Secretary DAVIS. No.

Senator HAWES. So that regulation of the mine is a State function, apparently.

Secretary DAVIS. Yes, sir.

Senator HAWES. Until it becomes an interstate commerce transaction.

Secretary DAVIS. And with this suggested movement now, of bringing our electric plant to the mouth of the mine-you take it in St. Louis, if they would move the electric plants from St. Louis to southern Illinois coal fields, and send the power from the coal by wire, it would make it much more difficult for us to regulate or control.

Senator HAWES. Yes.

The CHAIRMAN. How far might we go, Senator Hawes. Suppose that in the interest of stabilizing a great industry, and in conserving a natural resource we should put the mining of coal under strict regulation-how far could we go to prevent the transportation of any coal mined in any mine that refused to obey the regulations and stood on the individual's rights to mine the coal?

Senator HAWES. I do not think we can do it, Mr. Chairman. Senator WHEELER. Well, how far could we go to prevent them from consolidating, unless they complied, after a permit from the Government, with certain regulations?

Senator HAWES. Well, that could be put in the act of permissive consolidation.

Senator WHEELER. How far can we go toward preserving a great natural resource, that is being wasted, to the people of the country? Senator HAWES. Well, the natural resource would belong to the State, apparently.

Senator SACKETT. It belongs to all the people.

Senator WHEELER. It belongs to all the people, in the final analysis. The CHAIRMAN. That is a constitutional question.

Senator SACKETT. Yes.

Secretary DAVIS. The Senator could not succeed by selling the coal he produces from his mines to the people of Kentucky, could you, Senator?

The CHAIRMAN. He could not anyhow.

Senator SACKETT. No; we have tried it already.

The CHAIRMAN. Are there any other questions? [After a pause.] If not, we are very much obliged to you, Mr. Secretary Davis, for your kindness.

Secretary DAVIS. May I sit here and listen for a moment?

The CHAIRMAN. Oh, surely. If you have other views with regard to the provisions of this particular bill, after you have consulted with your solicitor and other gentlemen in your department, we would be glad to have you come back.

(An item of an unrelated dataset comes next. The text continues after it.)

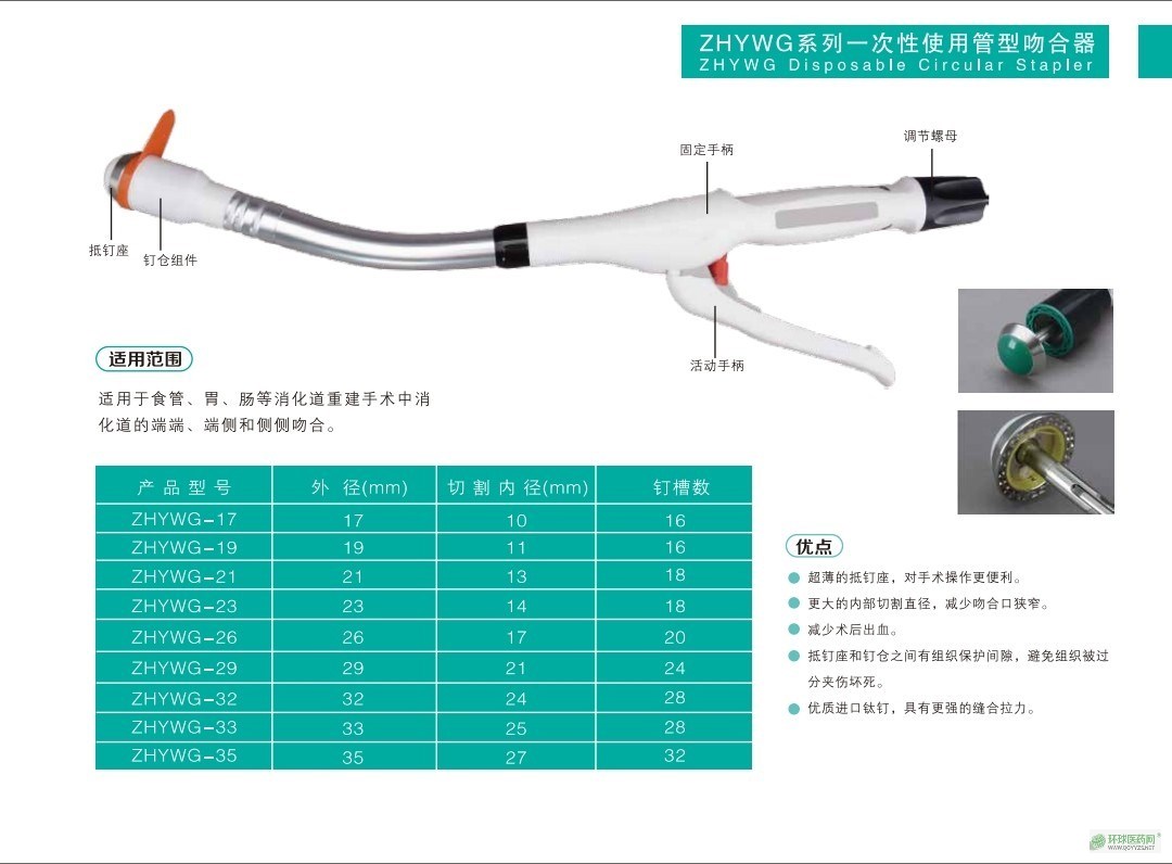| 產(chǎn)品賣點 | 1超薄的抵釘座,對手術(shù)操作更便利2更大的內(nèi)部切割直徑,減少吻合口狹窄。3減少售后出血.4抵釘座和釘倉之間有組織保護(hù)間隙,避免組織被過分夾傷壞死。5優(yōu)質(zhì)進(jìn)口鈦釘,具有更將的縫合拉力。 |

Secretary DAVIS. And if you have any questions just send them to me and I would be glad to answer them.

Senator HAWES. I will say, Mr. Chairman, that any criticism of the bill or any analysis of the bill on the part of the Secretary or his solicitor would be extremely interesting to me.

The CHAIRMAN. Very. When I asked Secretary Davis to come here, Senator Hawes, in response to a request of certain members of the committee that were present at that time I did not ask him to discuss the bill itself but to give us a general résumé of the coal situation as he now sees it in order to refresh the recollection of the members of the committee in regard to the hearings we have already had and the facts brought out.

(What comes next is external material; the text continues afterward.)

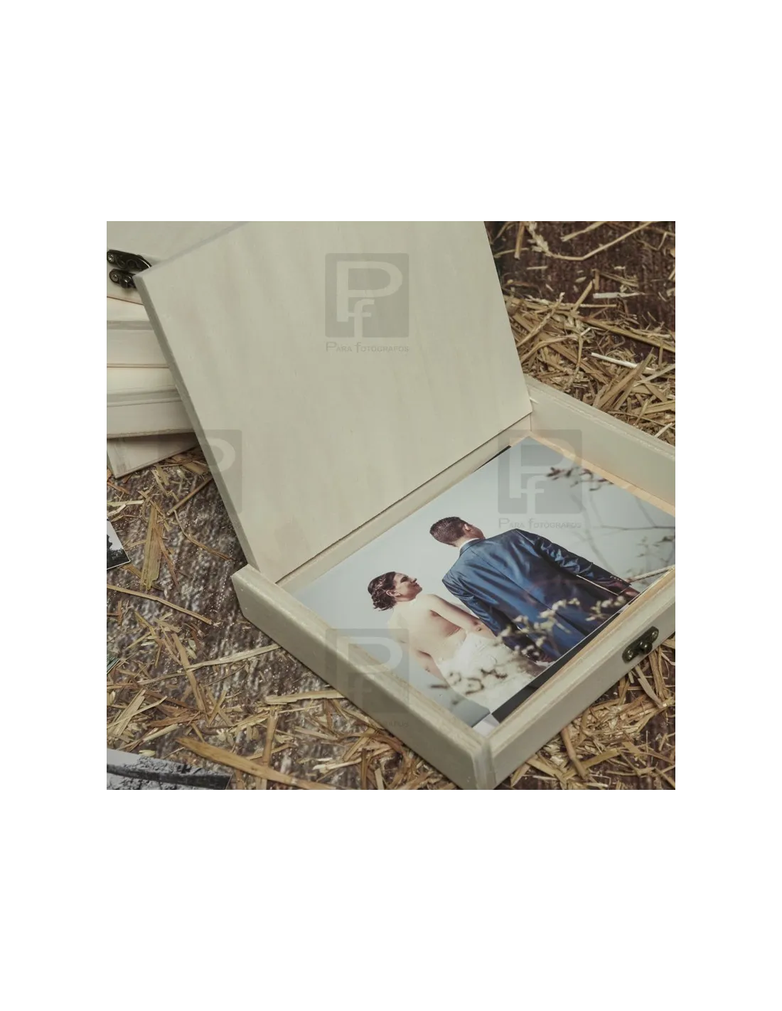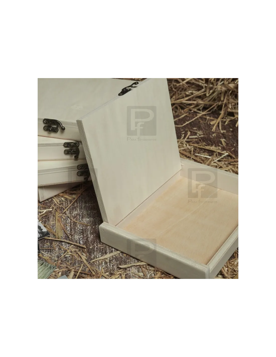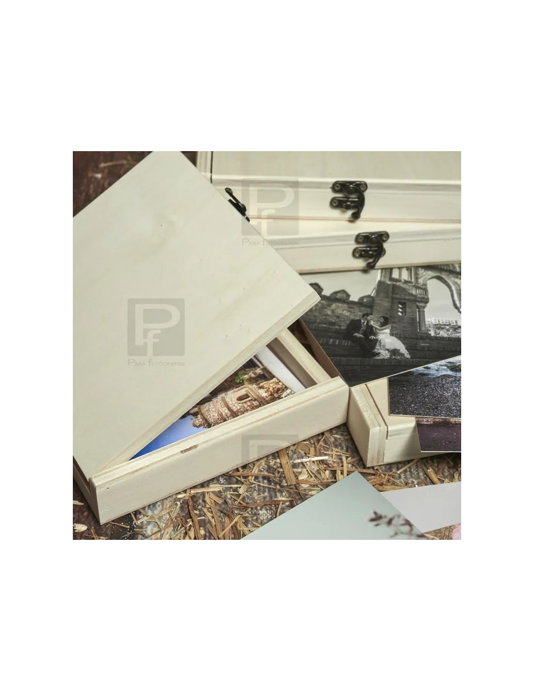 Caja de madera en pino natural, tapa y broche, para guardar láminas de tamaño hasta 15x20. La caja se presenta con varias opciones, sin personalizar o personalizada con grabado con láser.

Senator HAWES. I realize that the Secretary will have a very difficult task to analyze any bill and give us a definite opinion upon all clauses of it, because I know it is embarrassing the minds of the committee.

Senator SMITH. Mr. Chairman, have you submitted this bill to the Department of Justice for an opinion

The CHAIRMAN. No. I thought it would be best for us to hear it analyzed by its proponents and its opponents, and then if we intend to boil down the provisions of this bill into some concrete proposition we can refer that to the Department of Justice.

Senator SMITH. Yes.

The CHAIRMAN. We are very much obliged to you, Mr. Secretary. Senator WHEELER. Are there any other witnesses?

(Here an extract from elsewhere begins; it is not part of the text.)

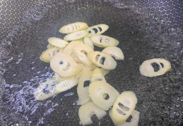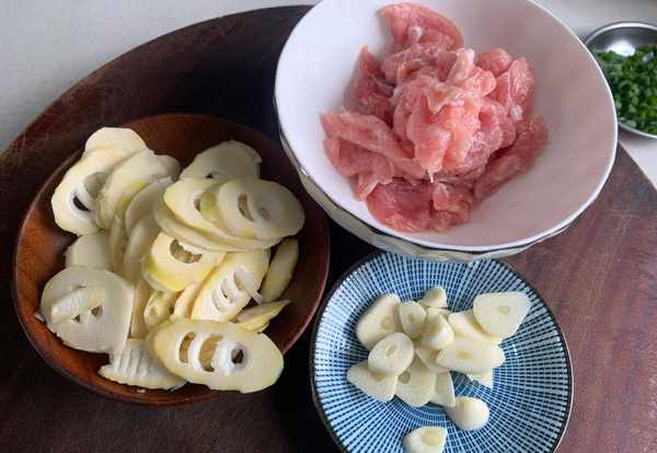 步骤1:春笋处理干净切片,然后浸泡水里备用。切点猪肉和蒜片备用。
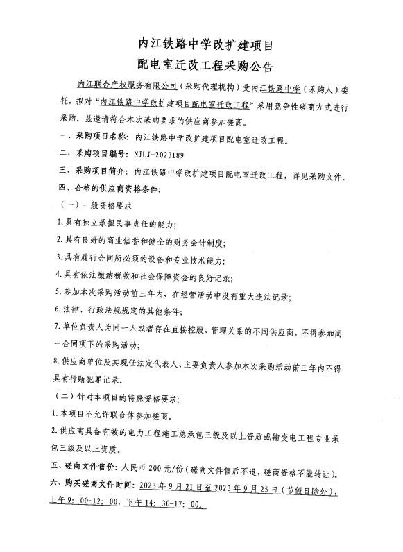 內(nèi)江鐵路中學(xué)改擴建項目配電室遷改工程采購公告

The CHAIRMAN. Mr. Lewis, have you anybody that you would like to go on to explain the provisions of the bill from your standpoint between now and noon?

Mr. JOHN L. LEWIS. I am prepared to make a statement on behalf of the mine workers on the entire subject, but it will possibly take an hour or perhaps more, and I am perfectly willing to pass it up for the present if the committee prefers.

The CHAIRMAN. Well, I think we had better wait for another meeting, because I think when you begin to make your statement you will want to conclude it at one hearing.

Senator SMITH. You would like to have your statement complete in one hearing and not broken in by recess?

Mr. LEWIS. Yes; quite so, Senator.

Senator SACKETT. The trouble is that at this meeting we have certain Senators present who might not be present at the next meeting or there might be different Senators present.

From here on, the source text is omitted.